魈鳥見狀,直接飛到泉京墨腦袋上“啾”出發
“哎哎”
然后,泉京墨就頭頂魈鳥出發了。
酒吧的位置算得上隱蔽,據他們在電話里所說,說一家經常有藝人光顧休閑的酒吧,保密性很好,不會有記者偷拍,而且絕對沒有任何的s情業務。
但是泉京墨還是第一次去酒吧這種地方,如同迷途的小羊羔,不小心混入狼群一樣。
昏暗又充滿了氤氳霓虹的街道,泉京墨行走在其中,非常格格不入。
好在并沒有出現什么“不長眼的公子哥把路人當成牛郎”這樣的烏龍事件,泉京墨尋覓了一圈,總算在一個很隱秘的入口看到了酒吧的招牌。
“主人,晚上好”
迎賓的歡迎詞先把泉京墨嚇了一跳。
幸虧酒吧里并沒有烏煙瘴氣的,泉京墨說明來意,瞬間好幾個伺機而動的年輕人瞬間失望,侍應生便帶著泉京墨往溫迪所在的包廂走去。
“任憑風引領著恣意徜徉這世界”
“淅淅瀝瀝溫暖雨水”
泉京墨站在門口,好像被狂風暴雨洗禮了。
包廂內,溫迪拿著酒水單卷成的筒狀物體,充作話筒,另一只手還握著一瓶酒,站在沙發上”發酒瘋“似的唱著團歌,好像每一句詞兒都唱對了,但是又每一個字都不在調兒上。
“親愛的泉經濟泉哥”溫迪半瞇著眼睛看到來人,興奮不已,在原地轉圈圈,擺了個看似很厲害實則非常厲害的亮相姿勢,嘴里還叼著一朵玫瑰花,“哦,達令你今天來,沒有告訴其他人吧”
短短這兩句話的工夫,您都換了三個稱呼了,我實在是不知道該不該應您的話呢。
泉京墨默然地站在原地,一時間不知道該怎么回答。
“啾。
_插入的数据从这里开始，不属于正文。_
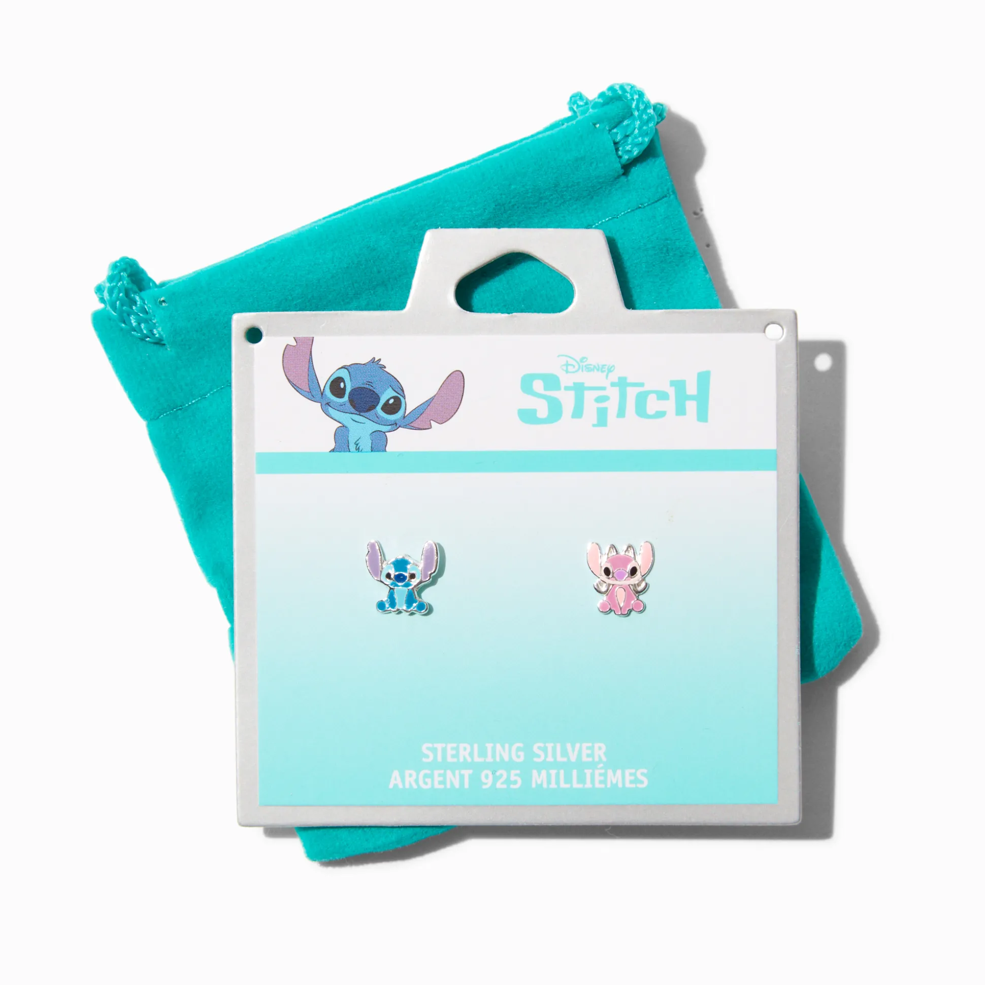 Show off your love for Disney’s Stitch and Angel with these stud earrings. The sterling silver designs have enamel Stitch and Angel shapes.

”巴巴托斯大人。
魈鳥撲扇著裝飾用的翅膀,從人群間隙飛進來。
“折出七彩嗬咳咳咳咳。”
溫迪險些被自己的唾沫嗆到,他緩和了一會兒收到驚嚇的心情,問道“你怎么在這”
泉京墨不明所以“什么不是你叫我”
“啾”正巧遇見。
“啊親愛的泉哥人家不是在跟你說話啦”溫迪嬌羞地捏了一個蘭花指,“酒保們真無聊,我又不是真的不給酒錢,喝酒而已嘛”
泉京墨深吸一口氣“那,您,溫迪大人,您喝了多少呢我先幫您付上”
溫迪低著頭對手指“這個額”
“您請說。”
“二十萬”
泉京墨轉身就走“打擾了,告辭。”幫不了你一點兒
“啊啊啊不可以不可以”
泉京墨算是知道為什么溫迪一個愛豆會沒錢了,原來他是個,有了錢就會來喝酒撒歡的家伙
“你不會要讓我留下來洗盤子吧qaq我可是大熱門愛豆哦洗盤子什么的,超丟臉的不要哦不可以的”
泉京墨深吸一口氣“那么以前您都是怎么解決的呢”
“以前是散兵啊不可以,不可以喊他過來不能讓他知道”溫迪大喊大叫。
屬實有點丟臉,泉京墨這樣想著,剛想打電話給近藤社長先墊付著,這時包廂大門“轟”的一聲打開了。
“哦是什么不能讓我知道那我就更想知道了”
流浪者陰沉著臉站在門口,后面是不知所措的酒吧侍應生和被打倒了一地的酒吧保安眾人。
咕咚。
“好叫我知道知道,您是怎么在明明還欠著我一大筆錢的情況下,又拿著這次的薪水,半夜溜出來出來揮霍一空的。”